Miriam Licette (9 September 1885 – 11 August 1969) was an English operatic soprano whose career spanned 35 years, from the mid-1910s to after World War II.
She spent some of her early years in places like Hong Kong and Singapore, as her father was a captain with the Blue Star Shipping Line.
Her roles at this time included Marguerite in Gounod's Faust, Micaela in Bizet's Carmen, and Pamina in Mozart's The Magic Flute.

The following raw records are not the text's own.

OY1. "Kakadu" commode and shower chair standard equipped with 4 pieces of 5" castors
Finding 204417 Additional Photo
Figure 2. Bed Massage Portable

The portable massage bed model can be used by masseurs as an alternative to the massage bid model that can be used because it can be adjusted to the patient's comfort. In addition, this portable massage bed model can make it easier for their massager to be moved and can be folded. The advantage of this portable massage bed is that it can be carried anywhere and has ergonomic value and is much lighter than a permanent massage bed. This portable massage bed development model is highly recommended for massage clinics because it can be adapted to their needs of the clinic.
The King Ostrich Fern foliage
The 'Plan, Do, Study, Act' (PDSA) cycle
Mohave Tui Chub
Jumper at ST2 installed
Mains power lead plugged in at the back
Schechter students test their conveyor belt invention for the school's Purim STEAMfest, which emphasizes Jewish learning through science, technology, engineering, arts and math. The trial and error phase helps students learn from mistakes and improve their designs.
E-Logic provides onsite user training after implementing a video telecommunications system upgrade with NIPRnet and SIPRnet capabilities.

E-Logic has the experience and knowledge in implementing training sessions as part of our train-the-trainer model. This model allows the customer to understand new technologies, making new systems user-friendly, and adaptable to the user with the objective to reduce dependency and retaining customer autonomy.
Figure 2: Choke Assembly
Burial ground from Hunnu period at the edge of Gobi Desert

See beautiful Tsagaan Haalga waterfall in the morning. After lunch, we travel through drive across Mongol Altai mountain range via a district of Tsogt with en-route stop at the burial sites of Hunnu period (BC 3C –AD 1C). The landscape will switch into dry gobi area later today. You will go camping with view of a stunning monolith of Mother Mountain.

[1] In May 1915, Sir Thomas Beecham heard her for the first time, in La traviata, and immediately signed her for a Proms Concert two weeks later, to sing Tatiana's Letter Scene from Tchaikovsky's Eugene Onegin.

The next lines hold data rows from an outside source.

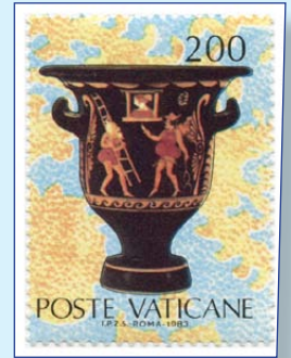
Zeus with ladder climbing to Alceme's window

Acting on impulse, Zeus changed his physical shape to resemble her husband returning from battle. That evening time slowed to the length of three and Hercules was thus conceived.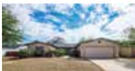
17811 S Tarbela Ave Tucson, AZ 85747 $390,000 - 4BD, 2BA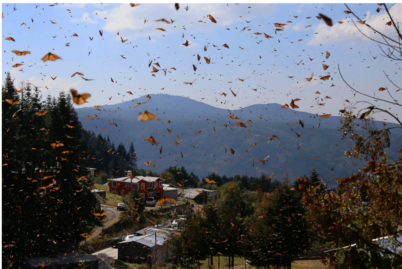
FLUTTER SPEED MEETS SHUTTER SPEED Monarch butterflies fill the air around the mountaintops in the Monarch Butterfly Biosphere Reserve, a UNESCO World Heritage Site in Michoacán, Mexico.

The migratory monarch butterfly, a subspecies of the monarch butterfly, was recently added to the IUCN's Red List as an endangered species, due to pressures from habitat loss and climate change.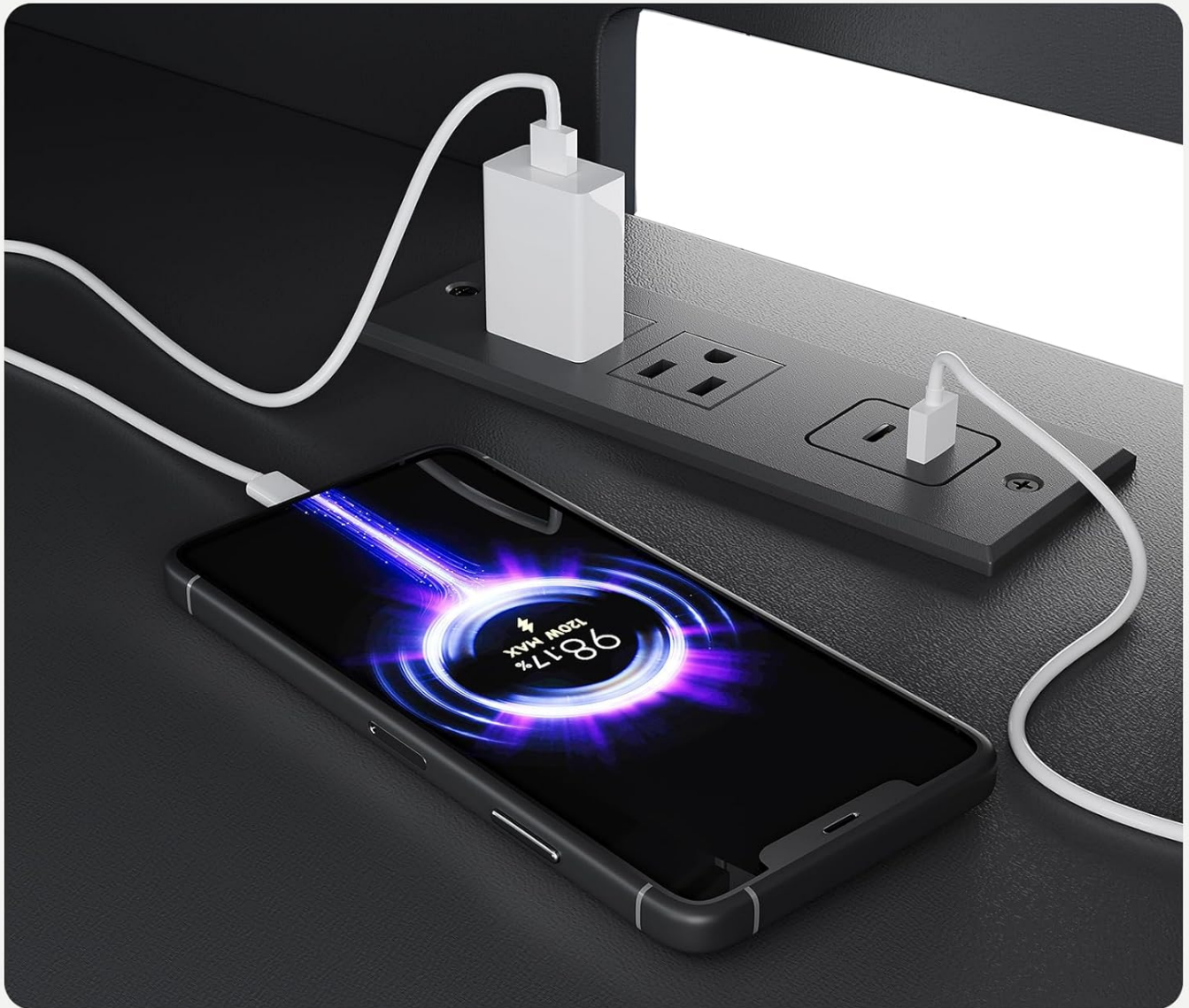
Image: A smartphone charging via the built-in USB port, with AC outlets visible.

Your TV, gaming gear, and lights plug directly into the stand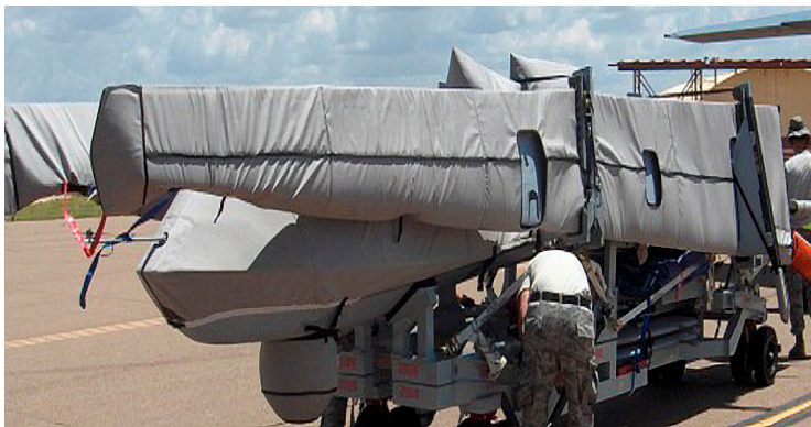
MQ1 Fuselage and Wing Covers

WINTER USE MATERIAL - Made with Solution-Dyed Polyester fabric, this option is intended for seasonal use to aid in deicing, rain mitigation, or for occasional travel. The material is lighter and more compact, but more susceptible to UV damage and may have a shorter useful life if used continuously outside than the all-year use material.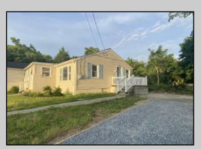
402 2nd Pleasantville, NJ 08232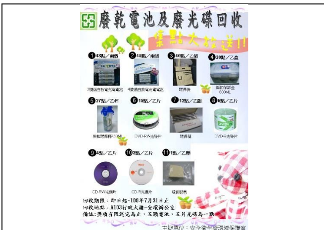
The Waste dry batteries recycle project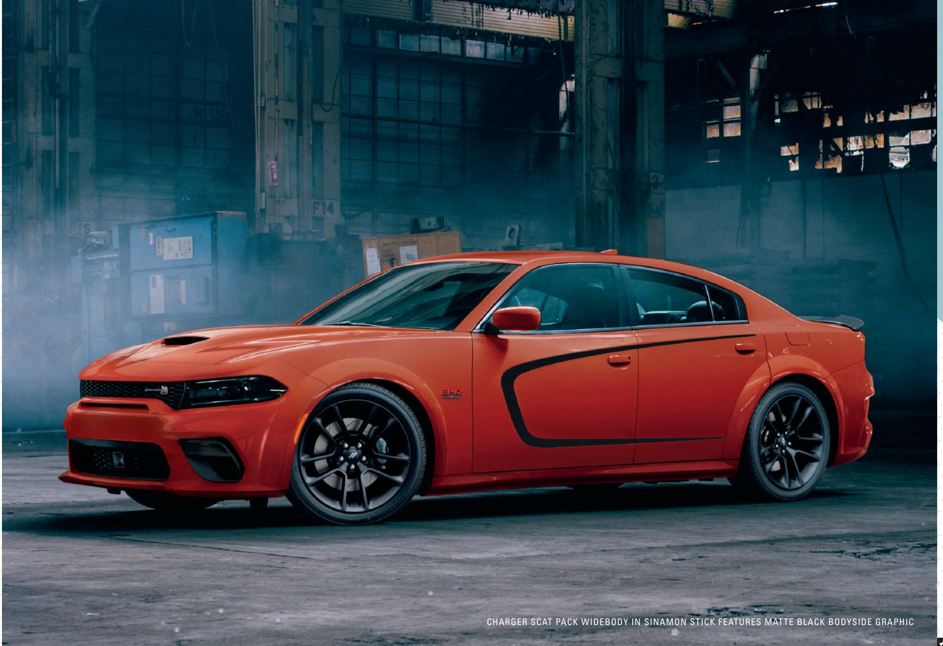
CHARGER SCAT PACK WIDEBODY IN SINAMON STICK FEATURES MATTE BLACK BODYSIDE GRAPHIC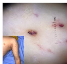
Figure 5 : lymphangioma circumscriptum located on the arm of a 10-year-old child shows only dark lacunae, mimicking a solitary angiokeratoma.

In July she sang Countess Almaviva in Mozart's The Marriage of Figaro, and in November came her first Constanze in Die Entführung aus dem Serail.
She also appeared in Holst's Savitri, and in a Royal Choral Society concert presentation of Berlioz's The Damnation of Faust under Sir Hamilton Harty.
She also appeared in 1925 in what would become an annual tradition for the next 15 years – a staging with scenery and costumes of Samuel Coleridge-Taylor's The Song of Hiawatha, initially with the RCS under Eugene Goossens.
[1] In 1929 she appeared in a performance of Delius's A Mass of Life with Astra Desmond, Tudor Davies and Roy Henderson with Sir Thomas Beecham leading the BBC Symphony Orchestra.
[1] The bulk of her estate was used to found the Miriam Licette Scholarship, which is administered by the Musicians' Benevolent Fund, awardees being permitted to study anywhere in France, with particular emphasis on the interpretation of French mélodie.
[6] Her recordings include a complete Faust under Sir Thomas Beecham (1930);[7] substantial extracts from William Vincent Wallace's Maritana;[8] and Santuzza in Cavalleria rusticana and Nedda in Pagliacci.
[4] Her associate artists in these recordings include Dennis Noble, Heddle Nash, Muriel Brunskill, Harold Williams, Frank Mullings and Clara Serena; and the conductors Sir Thomas Beecham, Percy Pitt, Albert Ketèlbey, Hamilton Harty, Hubert Bath, Felix Weingartner, Eugene Goossens, Clarence Raybould and Stanford Robinson.